Starting this thread primarily for the person who has a planted tank with snails and shrimp that recently received the gift of hydra and seed shrimp. Hope this helps! 

A little background - started paying closer attention to the tank recently instead of the cursory water change and regular feedings and bought some new livestock(about $250 worth of RCS, amanos, nerites and plants) about a month and a half ago. Everything was going well until I noticed what I thought was staghorn algae. Well, it wasn't, it was the beginnings of a hydra outbreak, I just didn't know it. In all my years in this hobby, I have never had the pleasure. I had planaria once about 10 years or so ago and treated with fenbendazole but have never seen or heard of a hydra. Mentioned it to my dad the other day, who got me into tanks when I was a wee lad and he went "Hydra? What's that?", which made me feel less stupid for just a moment.

I have read just about everything out there on hydra and how to control it. Everything from starve it to blast it with a syringe and H2O2 (more on that later), to betel nut extract to fenbendazole to flubendazole to potassium permanganate to manual removal to heating up the tank to 104+F for 4 hours to adding fish to eat it (not an option) to a whole tank H202 treatment. If there is something out there on hydra in a planted tank with shrimp, odds are I have read it in the last few weeks. 

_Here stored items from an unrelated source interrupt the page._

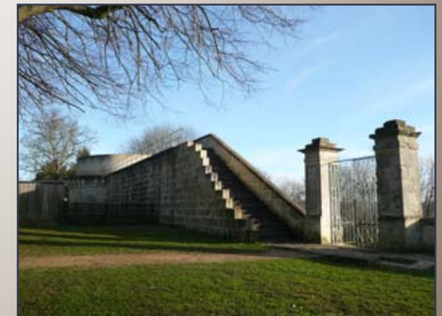
LE PORTAIL, LA COURTINE ET LA TOUR LHERMITTE
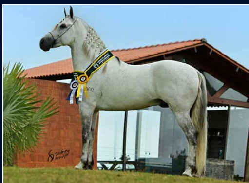
SEU PAI INGO DO CAVALEIRO
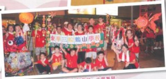
我們人強馬壯，士氣高昂！
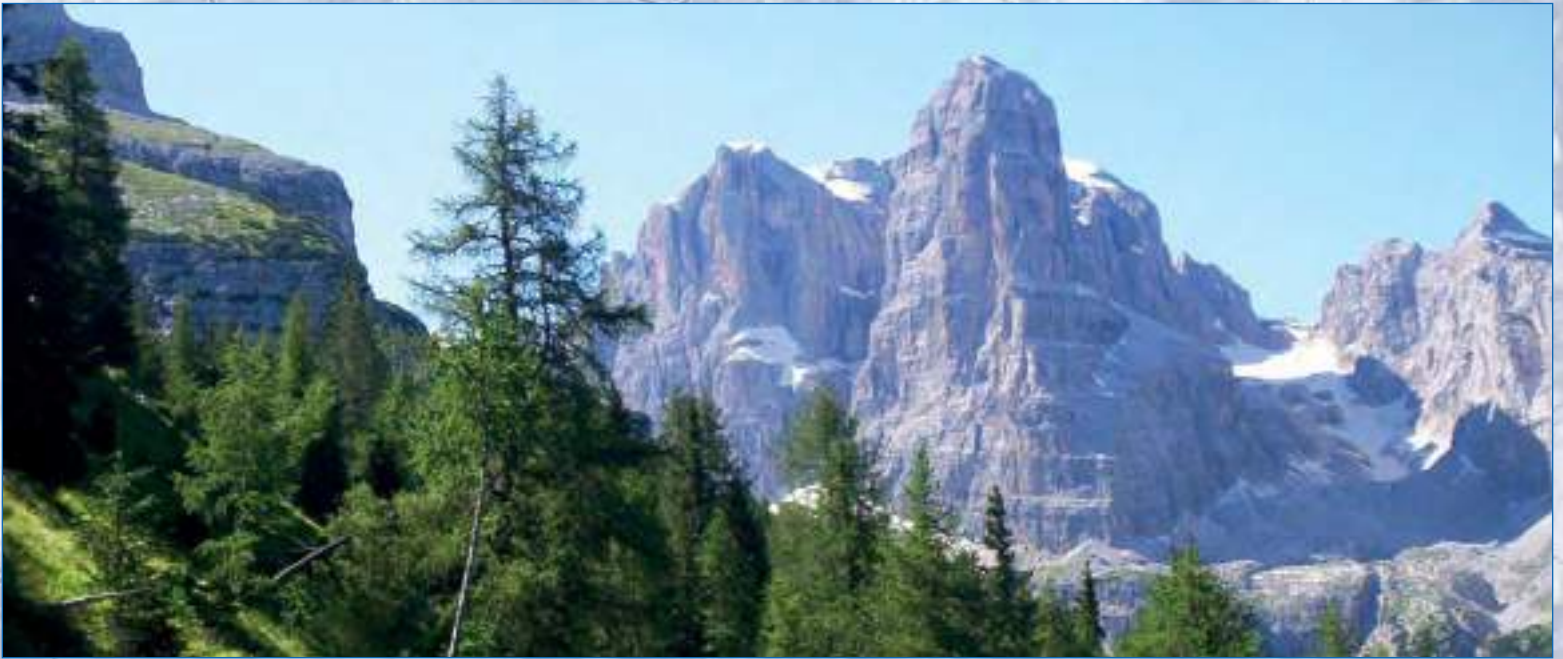
Crozzon di Brenta, Dolomiti di Brenta, 3135 mt
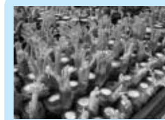
「タラの芽のふかし栽培」は、手間が少なく始めやすいと好評

産者グループで共同飼養する「里山簡易放牧場」モデル事業の導入希望も受け付けています。 ■耕種分野への取り組み 農業経営者の収入安定化を目指す、カット用野菜などの契約栽培を推進しています。 また、労働力の効率化を図るため、ミニパッケージセンターや集荷代行を試行する予定です。品目別には、例えばピーマンのトンネル栽培を拡大する場合や、キュウリの栽培拡大に取り組みむ場合には、市の補助事業も活用できます。この事業は新規生産者も対象としています。 生産についても、遠野農業改良普及センターと連携し、技術的な支援を行います。
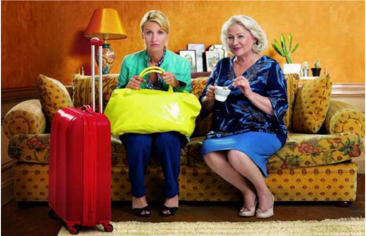
-De retour chez ma mère- à Tel-Aviv
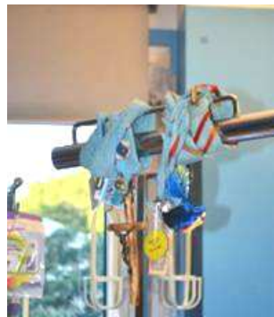
Il crocefisso assieme alle promesse sul letto.
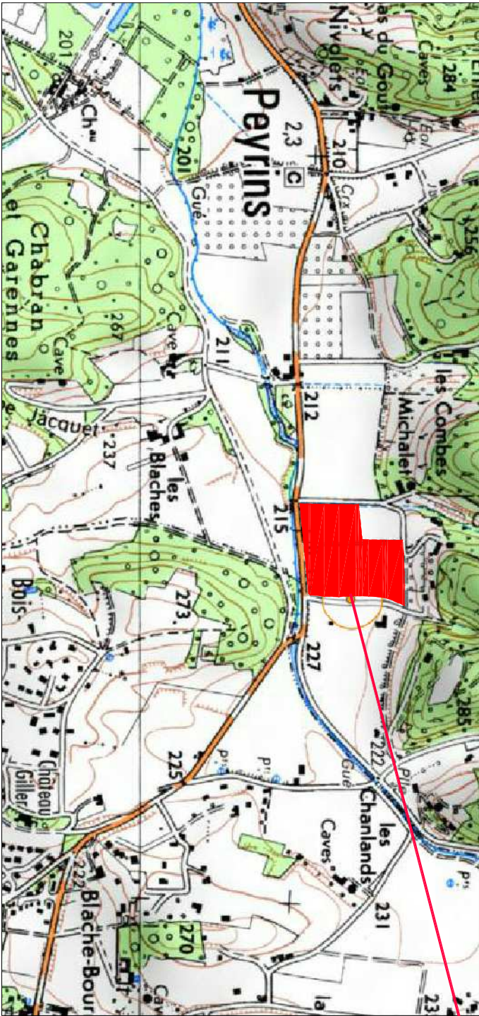
Ech. : sans

Terrain de 59 083m² Parcelles n° 21 & 23 section ZI
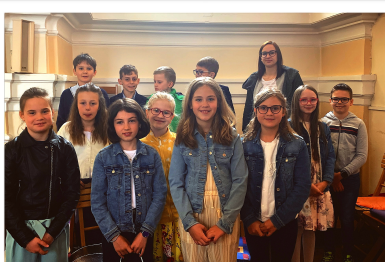
Die fleißigen SängerInnen der 3. und 4. Klasse der Volksschule bei der Erstkommunion in Würmla

Die Erstkommunionsfeier in Würmla findet am 7. Mai statt und in Kapelln am 18. Mai. Die Kinder der Volksschulen werden dabei von den VS-Lehrerinnen und MS-Lehrerinnen Eva Kerner und Petra Kovacic betreut. Bei der Muttertagsfeier am 5. Mai in Perschling spielen die Bläserklassen der VS Perschling unter der Leitung von Mirjam Schiestl auf.
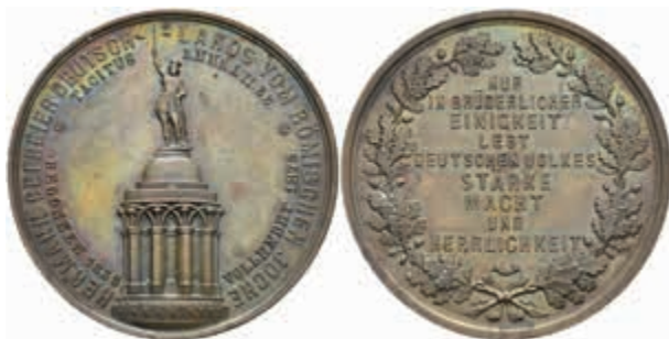
1278 Bronzemedaille (Dm. ca. 41,3mm, ca. 33,44g), 1875, von Bandel, auf die Vollendung des Hermannsdenkmals. Av: Ansicht des Denkmals, darum Umschrift. Rev: 9 Zeilen Schrift im Eichenlaubkranz. Kl. Rf., leichte Patina, vz-st. 30,—
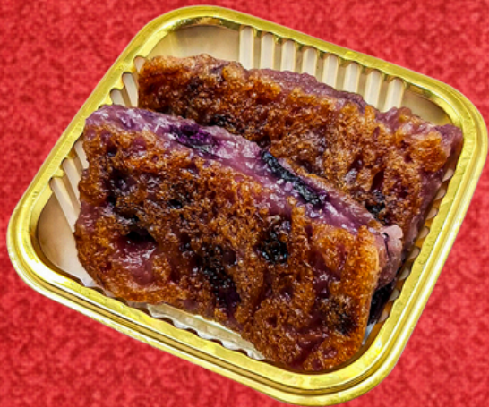
ข้าวปั้นมันม่วง
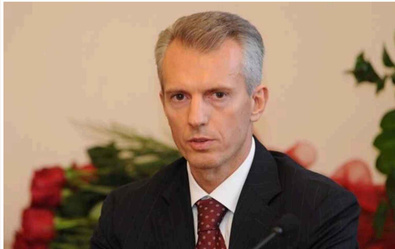
У ексголови СБУ Хорошківського відібрали землю на 1,5 мільярда гривень

Черкаська обласна прокуратура у судовому порядку повернула із приватної власності 65 гектар лісового фонду. Земля належала колишньому голові СБУ та першому віцепрем'єр-міністру України Валерію Хорошківському. Власником деяких наділів є Валерій Хорошківський та його дружина. Загалом прокурори повернули 16 земельних ділянок у Канівському районі вартістю 1,5 мільярда гривень.
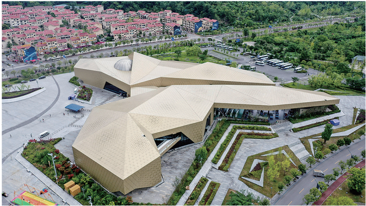
上图为2015年5月7日拍摄的天文体验馆建设现场。下图为2022年7月19日拍摄的天文体验馆。
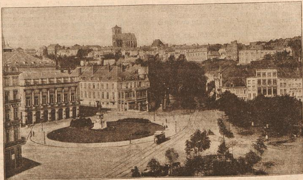
Das erstürmte Lüttich. (Mit Text.)

wiesen sich machtlos gegen das Fieber. Da sandte sie zwei Knechte mit geheimer Botschaft, den einen an Diether von Melsheim, den andern ins Kloster der Benediktinermönche, daß ein frommer heilkundiger Bruder komme, um der Tochter zu helfen. Ein Gutes brachte Irmgards Krankheit dem Mädchen: sie konnte nicht mehr gezwungen werden, dem
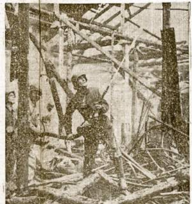
Berlyno gaisrininkai gelbsti anglų bombų uždegtus trobesius

Berne, Šveicarija. — Nors Lavalis viešai nesako, bet jo politikos kryptis rodo, kad sie- kiasi Prancūziją priversti prie karo su Anglija.
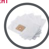
Lot de 5 sacs poussières synthétiques
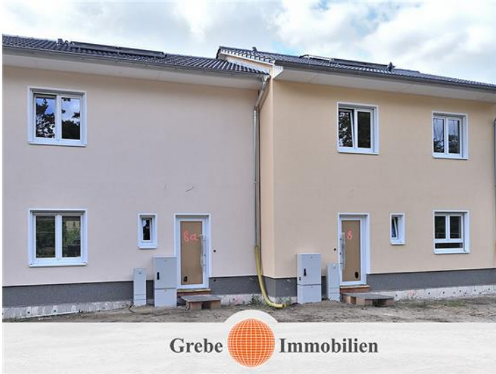
Rosa-Luxemburg-Straße 8 A
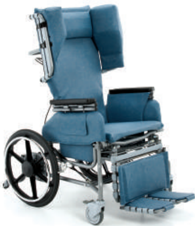
785 complètement recouvert de vinyle avec roues en alliage léger
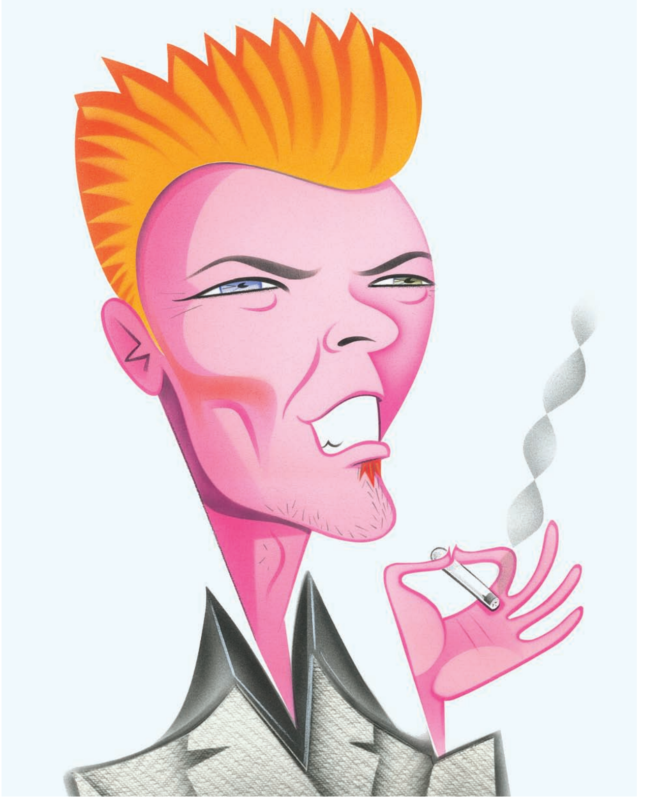
DAVID BOWIE MÚSICO
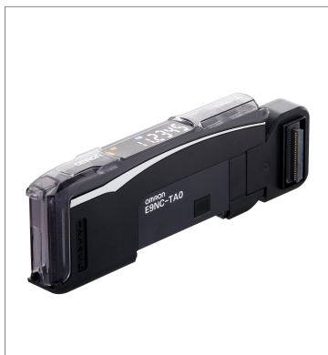
スマート接触センサ E9NC-TA0
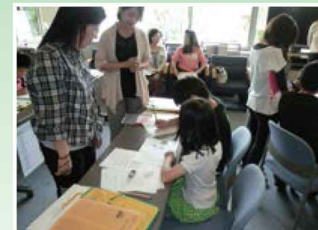
国際理解学習 【国際理解／小学校】
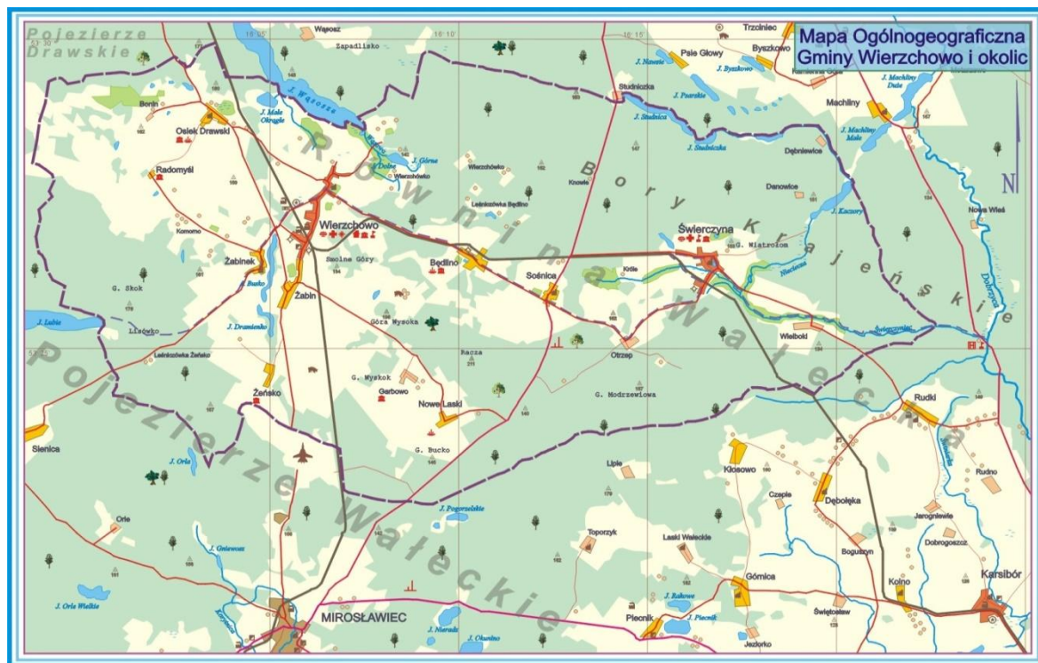
Rysunek 2. Mapa ogólnogeograficzna Gminy Wierzchowo i okolic
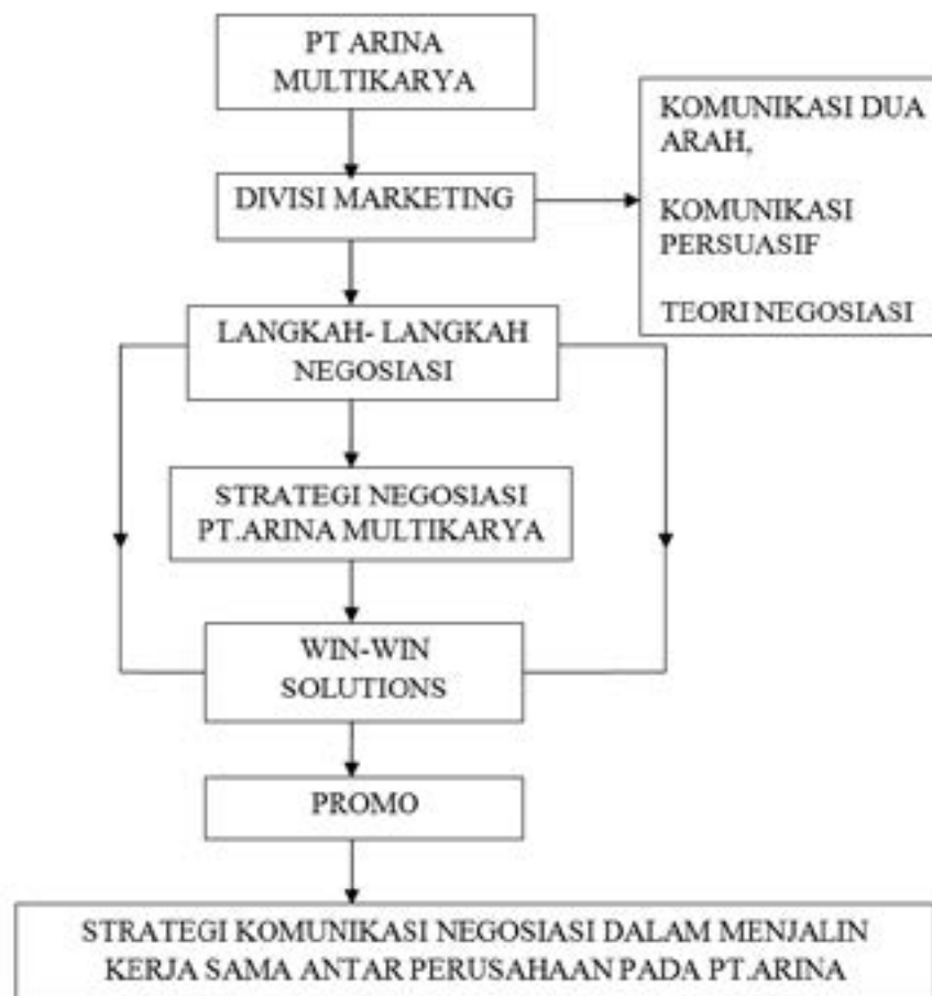
Kerangka Pemikiran Proses Negosiasi Hingga Terjalinya Kerjasama

Kerangka pemikiran merupakan penerapan kerangka konsep berdasarkan kerangka teori yang telah dipilih untuk mendekati/memahami masalah atau fenomena yang diteliti. Kerangka pemikiran ditutup dengan
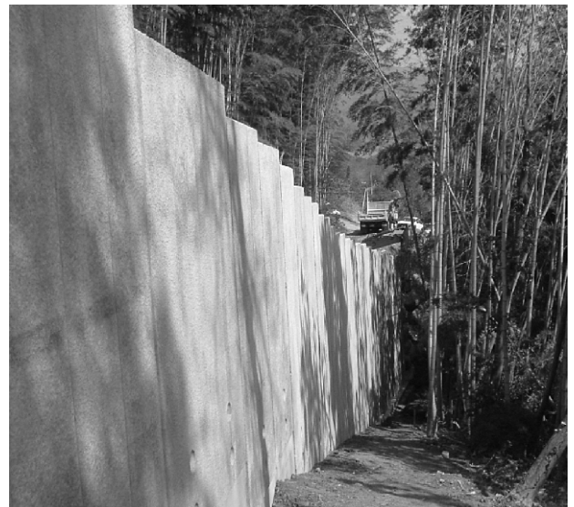
奈義町役場（小谷線）
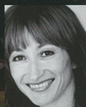
ダリア・クリメントヴァ 元イングリッシュ・ナショナル・バレエ プリンシパル

So, going down the list of possible treatments as they relate to me and my tank:


Adding fish - no go. I have shrimp, lest they become shrimp food. Thought about the wee little raspbora as they are supposed to love hydra, but I just don't want fish, other than my otos, in the tank.
Fenbendazole - an option BUT it can harm/kill your nerites. JUST spent about $65 on a whole new crop of olive, zebra and horned nerites. This is my last resort, HOWEVER I did read someone post that the usual 0.1g/gallon for planaria can but cut in half for hydra to 0.05g/gallon and if all other options fail, this is the route I am going and hoping for the best.
Flubendazole - Can't find it in a cost effective format or without a prescription. The difference, I read ONE poster say, is that the *FEN*benzadole will bond to biofilm and make it poisonous for nerites for years to come where *FLU*bendazole will disperse in water and go away with water changes. I make no warranty on that statement, just repeating what one poster said on a forum.
Betel nut extract - goes by No Planaria and Planaria Zero. Totally safe for shrimp and fish and plants. Deadly to nerites. Bought a $26 bag of it before I read/realized it. It's in the closet waiting to be sold on no ebay links allowed
Potassium Permanganate - deadly to shrimp, snails and biofilter things BUT my course of action would have been to remove all the plants, give them a dip in a solution and return them back. Then I noticed it was growing all over the substrate. Sigh...
Heating up the tank to 104+F - Got a sous vide on loan from a buddy. If the H2O2 course ultimately fails, this is what I am going to do next, followed by flubendazole at 0.05g/10gal if that fails
Starving them out - Don't got the patience for this. 10 or more berried shrimp and I don't want my babies to be hydra snacks. 
Manual removal - started here. Cut all the affected leaves off. Didn't help at all, it would have helped had I done it from the start when I noticed one.
Blast with H2O2 in a syringe - this worked well at first. Then I noticed several dead shrimp and nerites and stopped. Turns out the stuff you buy over the counter in the brown bottle has stabilizers in it that are not good for your fish! *Never* read that before in all my readings on the stuff and using it to spot treat algae like BBA and cyanobacter but I will admit that my reading on the subject started and stopped right there. BUY FOOD GRADE H2O2. Readily available from the Interwebs. It's a bit pricey but keeping your end of the bargain and NOT killing your livestock is important, right?
Whole Tank H2O2 Treatment - now on to the whole reason for my post.....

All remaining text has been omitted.